▶ **Your assignment**
Please return the listing below exactly, without any of its pictures.

▶ **Data segment**
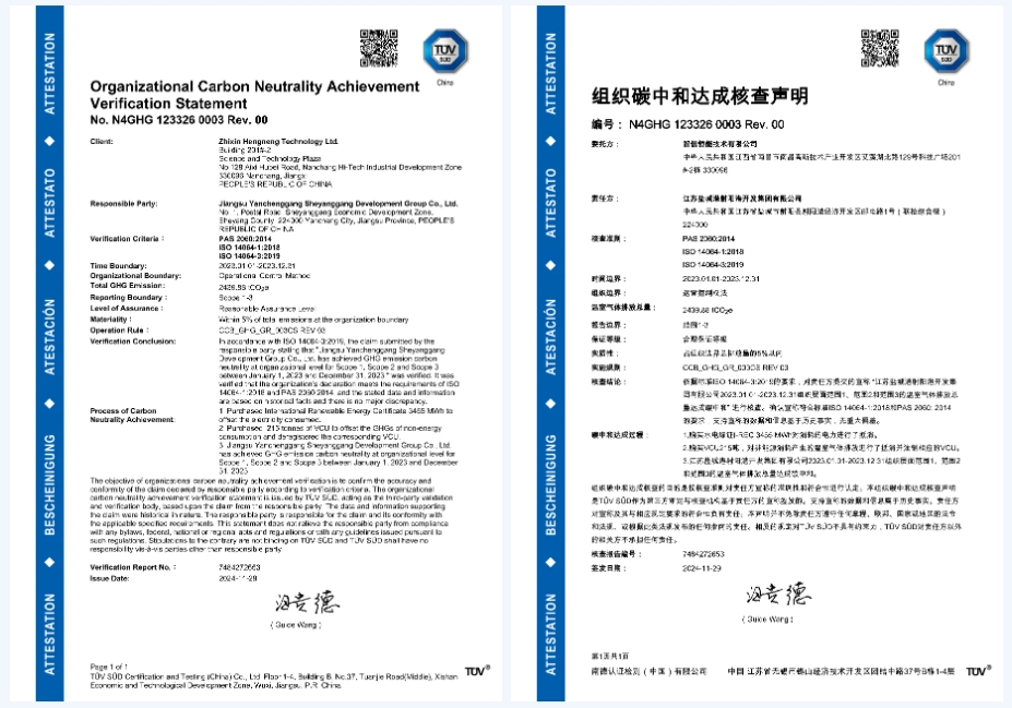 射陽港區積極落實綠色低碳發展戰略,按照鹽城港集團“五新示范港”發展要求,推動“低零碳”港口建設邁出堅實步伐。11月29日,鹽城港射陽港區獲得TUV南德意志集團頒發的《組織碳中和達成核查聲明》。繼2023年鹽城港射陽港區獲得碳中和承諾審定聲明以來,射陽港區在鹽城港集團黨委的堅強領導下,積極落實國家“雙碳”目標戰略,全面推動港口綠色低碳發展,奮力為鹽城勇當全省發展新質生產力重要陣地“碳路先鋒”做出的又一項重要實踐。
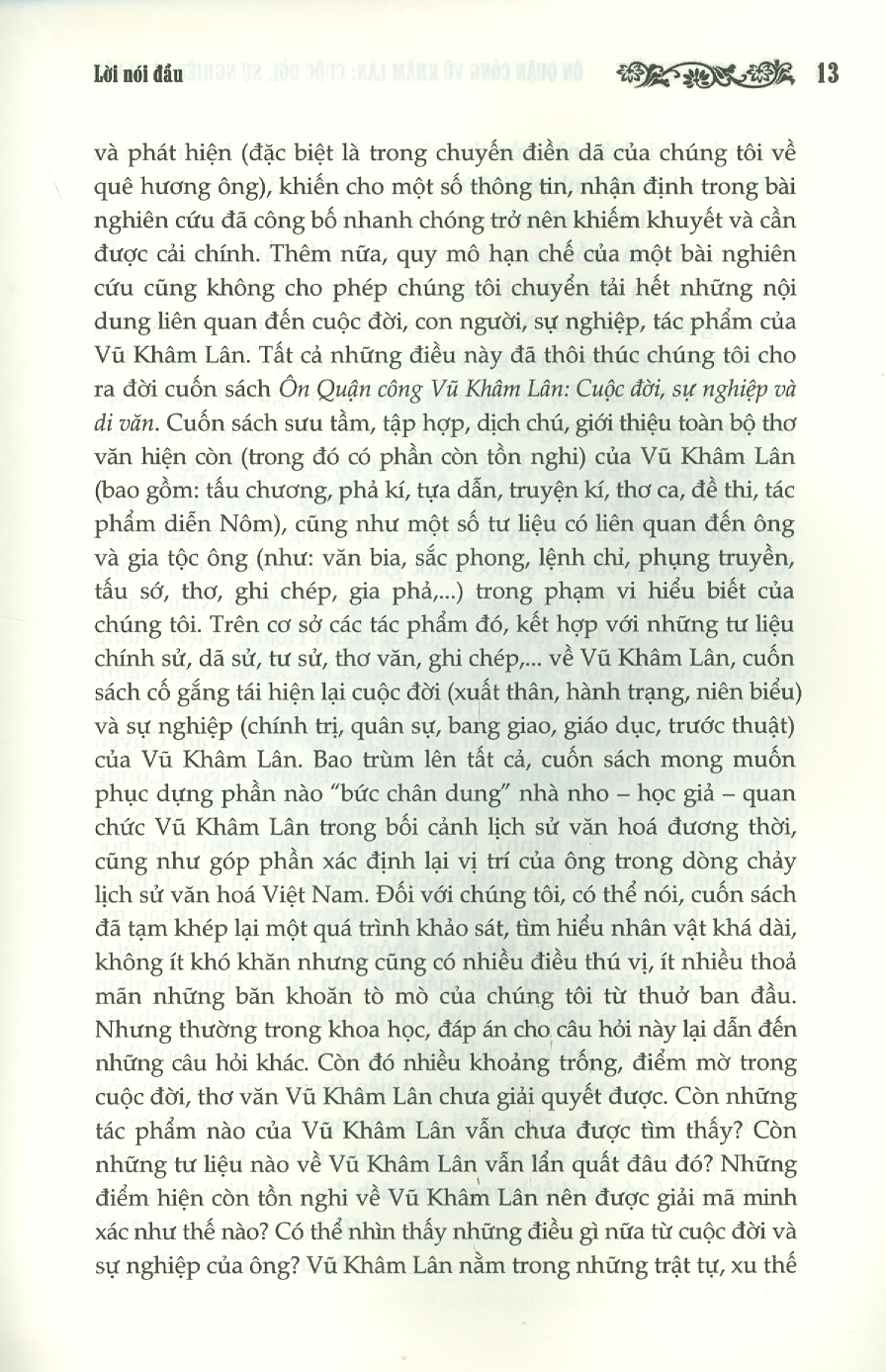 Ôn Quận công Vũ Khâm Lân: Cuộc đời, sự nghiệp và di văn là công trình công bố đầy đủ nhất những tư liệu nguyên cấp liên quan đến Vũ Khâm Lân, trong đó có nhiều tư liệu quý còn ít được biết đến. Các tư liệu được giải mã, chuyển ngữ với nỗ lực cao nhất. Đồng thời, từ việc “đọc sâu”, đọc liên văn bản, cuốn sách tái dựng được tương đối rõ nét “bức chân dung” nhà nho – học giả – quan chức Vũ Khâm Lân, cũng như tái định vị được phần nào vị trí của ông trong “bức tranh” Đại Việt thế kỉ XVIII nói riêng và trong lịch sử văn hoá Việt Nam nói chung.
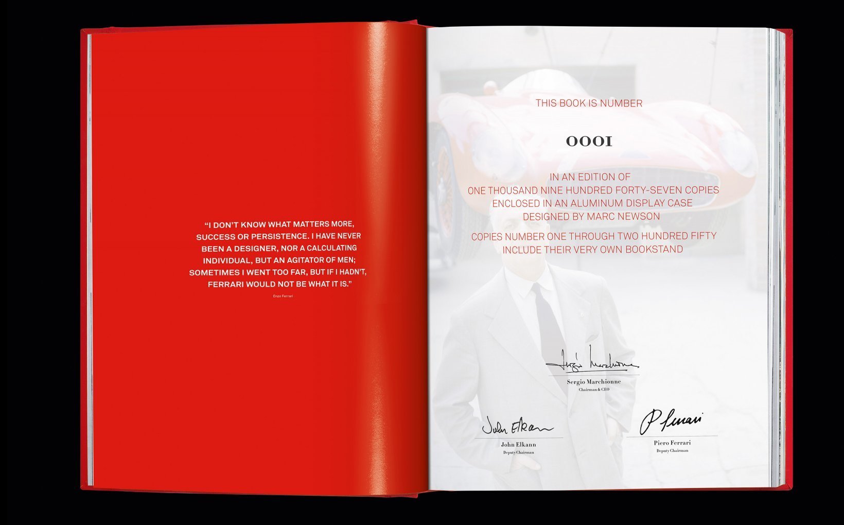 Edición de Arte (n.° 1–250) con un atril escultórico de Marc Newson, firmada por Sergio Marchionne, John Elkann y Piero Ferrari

▶ **Response to the task**
 射陽港區積極落實綠色低碳發展戰略,按照鹽城港集團“五新示范港”發展要求,推動“低零碳”港口建設邁出堅實步伐。11月29日,鹽城港射陽港區獲得TUV南德意志集團頒發的《組織碳中和達成核查聲明》。繼2023年鹽城港射陽港區獲得碳中和承諾審定聲明以來,射陽港區在鹽城港集團黨委的堅強領導下,積極落實國家“雙碳”目標戰略,全面推動港口綠色低碳發展,奮力為鹽城勇當全省發展新質生產力重要陣地“碳路先鋒”做出的又一項重要實踐。
 Ôn Quận công Vũ Khâm Lân: Cuộc đời, sự nghiệp và di văn là công trình công bố đầy đủ nhất những tư liệu nguyên cấp liên quan đến Vũ Khâm Lân, trong đó có nhiều tư liệu quý còn ít được biết đến. Các tư liệu được giải mã, chuyển ngữ với nỗ lực cao nhất. Đồng thời, từ việc “đọc sâu”, đọc liên văn bản, cuốn sách tái dựng được tương đối rõ nét “bức chân dung” nhà nho – học giả – quan chức Vũ Khâm Lân, cũng như tái định vị được phần nào vị trí của ông trong “bức tranh” Đại Việt thế kỉ XVIII nói riêng và trong lịch sử văn hoá Việt Nam nói chung.
 Edición de Arte (n.° 1–250) con un atril escultórico de Marc Newson, firmada por Sergio Marchionne, John Elkann y Piero Ferrari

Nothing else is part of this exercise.